Chen Xinhua, Scholl Theresa O, Stein T Peter
Department of Obstetrics and Gynecology, University of Medicine and Dentistry of New Jersey-SOM, 2 Medical Center Dr., Science Center, Suite 390, Stratford, NJ 08084, USA.
Diabetes Care. 2006 May;29(5):1077-82. doi: 10.2337/diacare.2951077.
OBJECTIVE- We examined the influence of a moderately elevated serum ferritin level at entry to care on the risk of gestational diabetes mellitus (GDM) and a possible mechanism (increased iron stores versus inflammation). RESEARCH DESIGN AND METHODS- In a prospective observational study with 1,456 healthy pregnant women in Camden, New Jersey, serum ferritin and anthropometric measurements were determined. Serum C-reactive protein (CRP) concentration was measured in a nested case-control study of 172 subjects. RESULTS- Women who developed GDM had a higher concentration of serum ferritin than women who did not develop GDM (P < 0.001). Elevated serum ferritin level (highest quintile) was significantly and positively correlated with prepregnant BMI and skinfold measurements. Women in the highest quintile of serum ferritin had a twofold increased risk of developing GDM adjusted for several known risk factors (adjusted odds ratio, 2.02 [95% CI 1.04-3.92], P < 0.05). Similar results were obtained with a nested case-control study, in which women in the highest tertile of serum ferritin (2.35 [1.06-5.22], P < 0.05) or CRP (2.67 [1.16-6.17], P < 0.001) had a greater than twofold increased risk of GDM. However, these effects were modified and became nonstatistically significant after additional adjustment for prepregnant BMI. CONCLUSIONS- Elevated serum ferritin concentrations early in gestation are associated with an increased risk of GDM. The association, at least in part, is mediated by the maternal fat mass and obesity. These data suggest a possible link between elevated serum ferritin and low-grade inflammation.

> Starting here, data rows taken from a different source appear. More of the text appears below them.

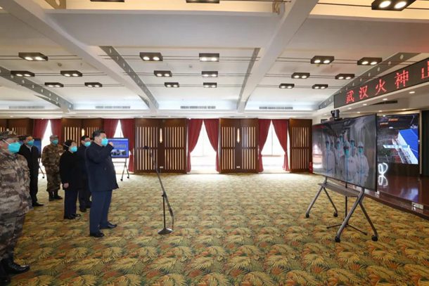 在火神山医院指挥中心,习近平听取医院建设运行、患者收治、医务人员防护保障、科研攻关等情况介绍。习近平指出,疫情发生以来,包括军队在内的广大医务工作者发扬特别能吃苦、特别能战斗的精神,义无反顾奔赴湖北和武汉,毫无畏惧投入防控救治工作,日夜奋战,舍生忘死,不负重托,不辱使命,同时间赛跑,与病魔较量,为武汉疫情防控工作作出了重要贡献。军队医务人员牢记我军宗旨,召之即来,来之能战,战之能胜,为党旗、军旗增添了光彩。沧海横流,方显英雄本色。你们真正做到了救死扶伤、大爱无疆。你们是光明的使者、希望的使者,是最美的天使,是真正的英雄!党和人民感谢你们!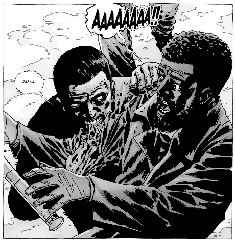 - Морган умер так же, как и персонаж игры Ли Эверетт, они оба были укушены в руку, затем отрезали её, чтобы остановить инфекцию (Зависит от принятых решений), оба разговаривали с ребёнком перед смертью.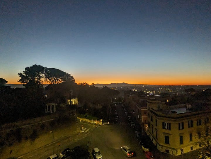 Sunrise over Rome, seen from a terrace above Trastevere. The light of a new day lifting the city out of darkness. A city whose history is written in blood, beauty and stone, and the power and glory of the gods. Where pilgrims and tourists come with their burdens of faith and doubt, their yearnings for eternity and their restless quest for novelty. Sight…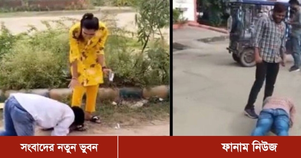 ভাইরাল ভিডিওতে দেখা গেছে, এক তরুণীর পা ধরে মাটিতে লম্বা হয়ে শুয়ে ভোট দেবেন কী না জানতে চাইছেন এক তরুণ। ওই তরুণী হেসে বলেছেন, হ্যাঁ, দেব। কিন্তু আগে পা তো ছাড়ুন।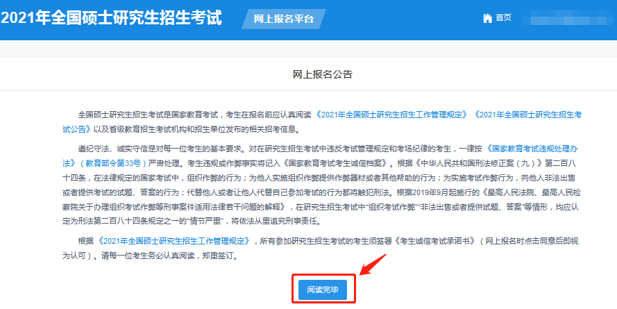 (3)閱讀網(wǎng)上報(bào)名公告,點(diǎn)擊“閱讀完畢”。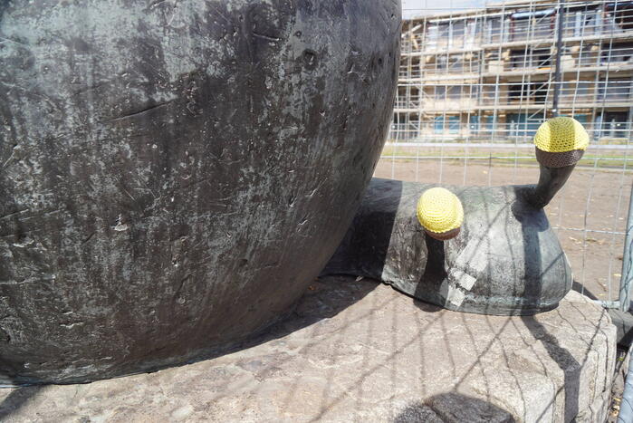 HOOGLANDERVEEN - Op donderdagmiddag 14 september bleek dat de Slak op Rotonde 9 in 112 Hooglanderveen was voorzien van bouwhelmen.

目的——我们研究了初诊时血清铁蛋白水平适度升高对妊娠期糖尿病(GDM)风险的影响以及一种可能的机制(铁储存增加与炎症)。研究设计与方法——在一项对新泽西州卡姆登1456名健康孕妇的前瞻性观察研究中,测定了血清铁蛋白和人体测量数据。在一项对172名受试者的巢式病例对照研究中测量了血清C反应蛋白(CRP)浓度。结果——患GDM的女性血清铁蛋白浓度高于未患GDM的女性(P<0.001)。血清铁蛋白水平升高(最高五分位数)与孕前BMI和皮褶测量值显著正相关。血清铁蛋白最高五分位数的女性在调整了几个已知风险因素后发生GDM的风险增加了两倍(调整后的优势比,2.02[95%CI 1.04 - 3.92],P<0.05)。在巢式病例对照研究中也得到了类似结果,其中血清铁蛋白最高三分位数(2.35[1.06 - 5.22],P<0.05)或CRP(2.67[1.16 - 6.17],P<0.001)的女性患GDM的风险增加了两倍多。然而,在进一步调整孕前BMI后,这些影响被修正且无统计学意义。结论——妊娠早期血清铁蛋白浓度升高与GDM风险增加有关。这种关联至少部分由母体脂肪量和肥胖介导。这些数据表明血清铁蛋白升高与低度炎症之间可能存在联系。